[Jocr-devels] Request for an overview

SourceForge Headquarters 1320 Columbia Street Suite 310 San Diego, CA 92101 +1 (858) 422-6466

I've thought OCR would be interesting for a long time and I now also have 
a need to read some scanned documents, so it seems a good idea to put the
motivation to use.

My aims would be a) to link gocr to my favorite language (pike 
http://pike.roxen.com/) both for easy passing of images to gocr and for writing
modules for image preprocessing and character recognition.
b) to get it to deal better with the texts I have. Some combinations of letters
are not recognised eg "Th" which probably is due to the gap being too small
and suggests to me that these combinations need to be added as if they were a
single character. I have quite a lot of texts with spaces with a line for
people to write answers on and it would be nice to get a series of underscores.
Also recognition of underlined text.

The recognition technique described works from the topology of various letters.
I wonder whether a cache of recognised letter images could be simply XORed 
to find a match. Obviously in the extreme case of the bitmaps being identical
the result must logicly be the same as it was previously. This should certainly
work well with texts from grabbed from the screen, which I'm also interested
in, and with a connection to a scripting language which can control the 
scanner, I could scan or rescan at high definition to find a predictable
origin for the image of a letter and then resample down, which may reduce
differences between the image of the same letter depending on movements of
less than one pixel. Some small and not clustered differences would lower
the confidence only slightly, but a cluster of diferences may indicate
letters with accents etc. If I get no exact match, but it looks like "h" 
with something at the bottom, "o" with something at the bottom then "w"
with something at the bottom, probably it is "how" underlined. So I may
get underlined text like this and not need to add underlined versions of each
character. Maybe there is a big problem with this technique in practice,
I'd be pleased is anyone who knows one could tell me.

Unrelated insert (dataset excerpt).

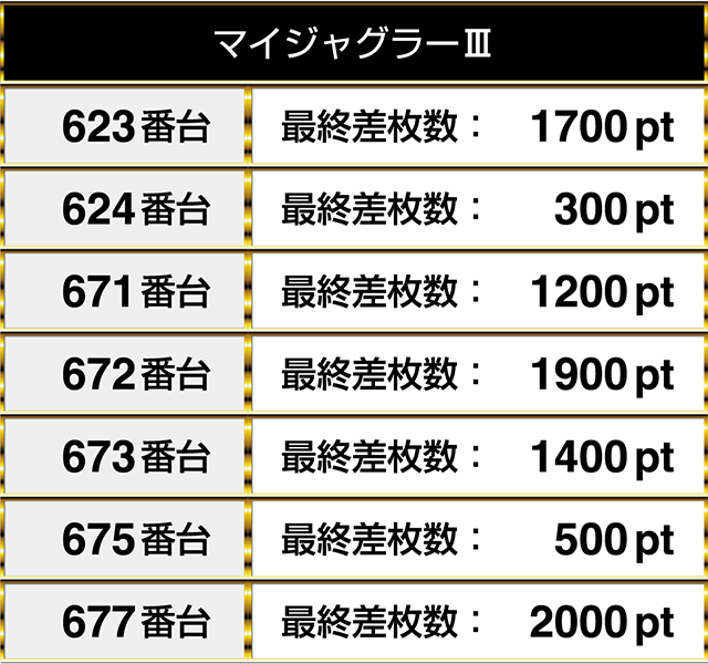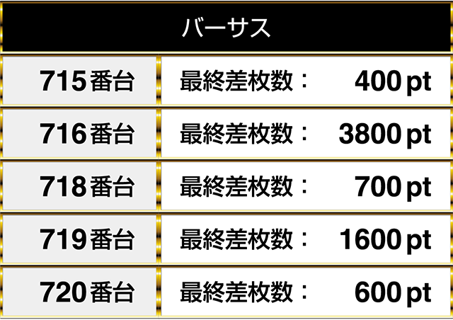 閉店時には設置されている14台のうち、半数となる7台がプラスptとなった。

Clearly to do this I need to be able to have a module which can learn by
receiving both the image to make an attempt at itself and receive the final
character decided upon by other techniques.

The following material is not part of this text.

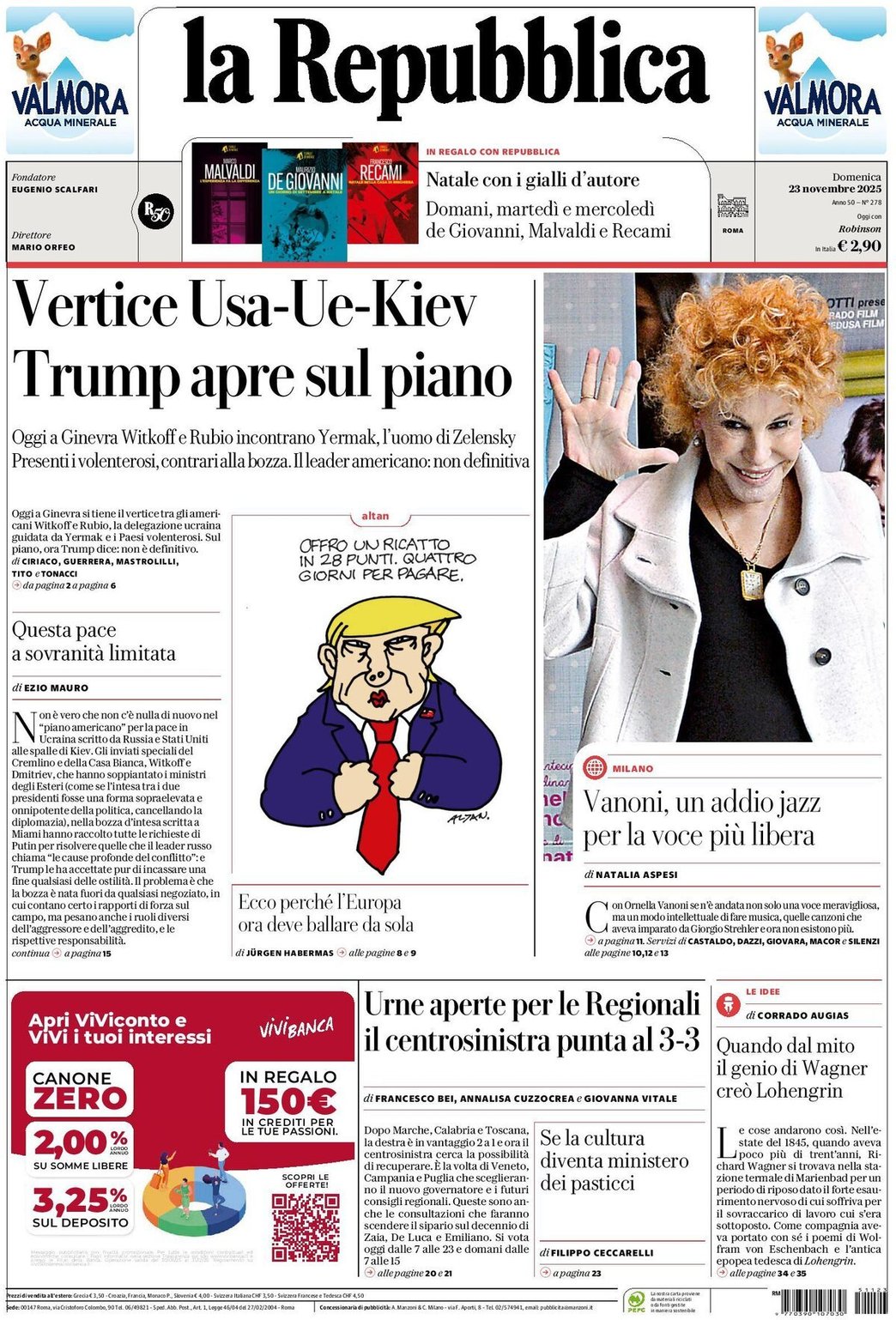I Titoli Principali da La Repubblica di oggi:

I see that the delared aim is to move to a gocr built around libgocr, but
I also see that new gocr versions are released quite often and there is no
new libgocr. I'm not sure whether I should look at the separately downloadable
libgocr, or the files in gocr-0.41 api. Also I see references  in 
gocr-0.41/api/doc/api.txt to an MDK, but can't see one to download on 
sourceforge.

Could  someone please point me in the direction of the sourcecode and 
documentation I should start with.

Yours
Ian